За спиной хирурга, уже склонившегося над своим пациентом, в волнении стоял бальи де Сюфрен, которого только что известили о случившемся эстафетой.
Прославленный моряк решительно ничего не понимал в этом обмороке, в этом внезапном недомогании.
— Странно, странно, — говорил он, взяв руку Шарни и взглянув на его тусклые глаза. — Знаете, доктор, ведь мой племянник никогда не бывал болен.
— Это ничего не доказывает, — ответил доктор.
— Значит, версальский воздух очень душен, так как повторяю вам, я в течение десяти лет видел Оливье на море всегда бодрым и, как мачта, крепким.
— Дело в его ране, — сказал один из присутствующих офицеров.
— Как в его ране?! — воскликнул адмирал. — Оливье никогда еще не был ранен.
— Простите, — ответил офицер, указывая на окровавленную повязку, — я полагал…

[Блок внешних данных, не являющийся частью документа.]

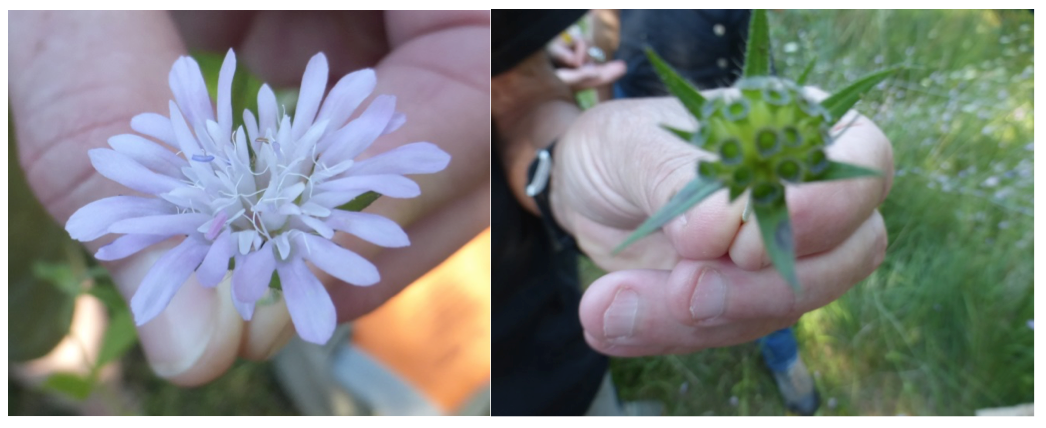 La scabieusevioletterappelle la marguerite avec une inflorescence contractée mais elle est différente : elle n’a pas de fleurs tubulaires, les étamines non soudées sont bleues. Elle produit de jolis fruits verts.

Господин де Сюфрен увидел кровь.
— Ну, хорошо, хорошо, — сказал с добродушной резкостью доктор, пощупав пульс больного, — стоит ли спорить о причинах болезни? Он болен, это несомненно, и постараемся вылечить его, если возможно.
Бальи любил определенные ответы, и хирурги его кораблей не были приучены смягчать свои слова.

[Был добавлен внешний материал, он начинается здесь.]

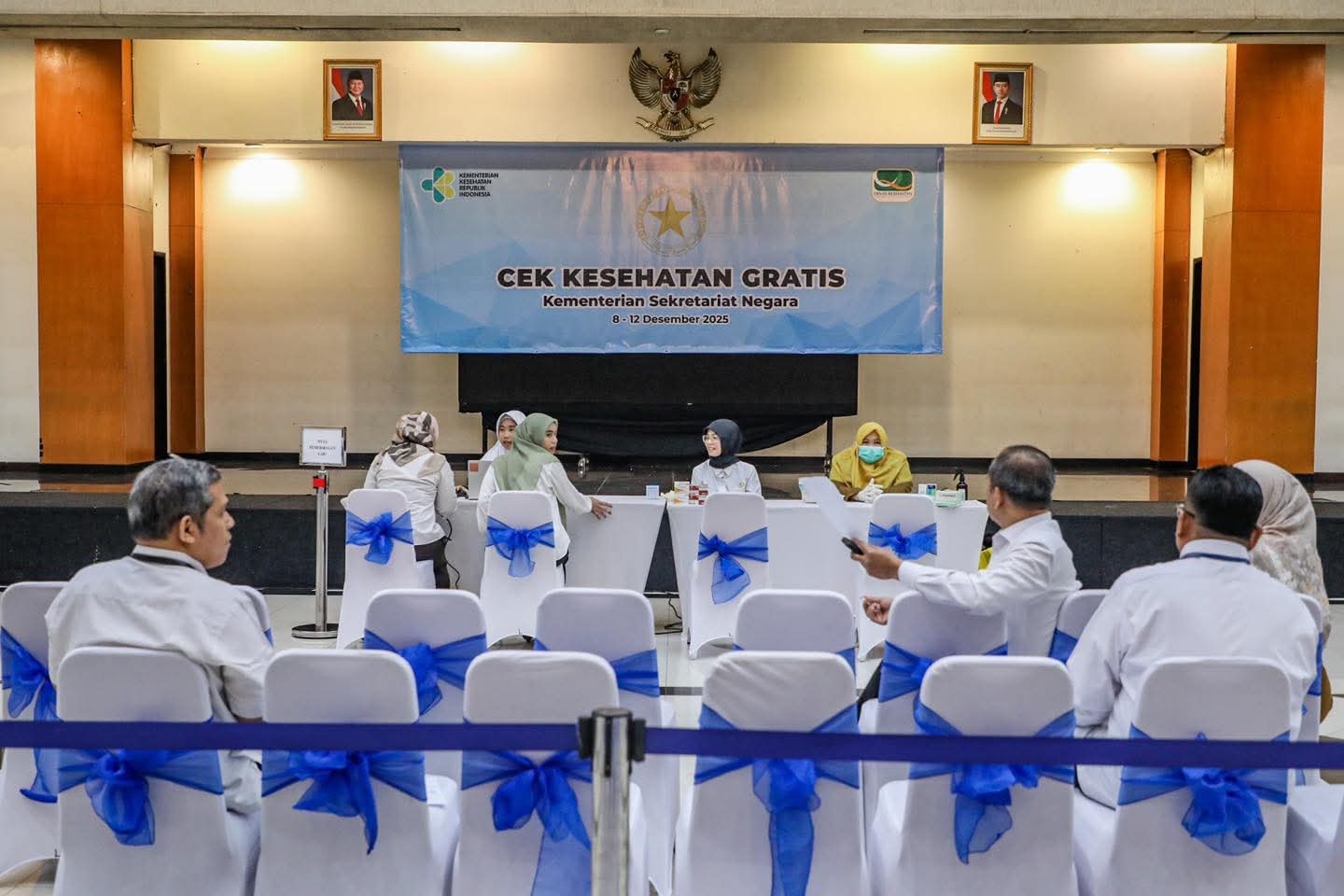 Mediaberitapantau.web.id JAKARTA — Kementerian Sekretariat Negara (Kemensetneg) bekerja sama dengan Kementerian Kesehatan (Kemenkes) menyelenggarakan Cek Kesehatan Gratis (CKG) bagi seluruh Pejabat dan Pegawai ASN serta Pegawai Non ASN (Tenaga Profesional, PPNPN, Outsourcing, Honorer) di lingkungan Kementerian Sekretariat Negara, tanggal 8-12 Desember 2025, di Gedung Krida Bhakti, Jakarta Pusat.

— Это очень опасно, доктор? — спросил он с большим волнением, чем желал показать.
— Не больше, чем царапина бритвой на подбородке.
— Хорошо. Поблагодарите короля, господа. Оливье, я еще приду навестить тебя.
Оливье слегка шевельнул веками и пальцами, точно желая поблагодарить дядю за то, что он уходит, и доктора, заставившего его решиться оставить племянника.
Затем, чувствуя себя счастливым оттого, что он может вытянуться на кровати и что он находится на попечении умного и сердечного человека, Оливье притворился спящим.
Доктор отослал всех.
Оливье вскоре действительно заснул, поблагодарив Небо за то, что с ним случилось, или скорее за то, что с ним не случилось ничего дурного в таких серьезных обстоятельствах.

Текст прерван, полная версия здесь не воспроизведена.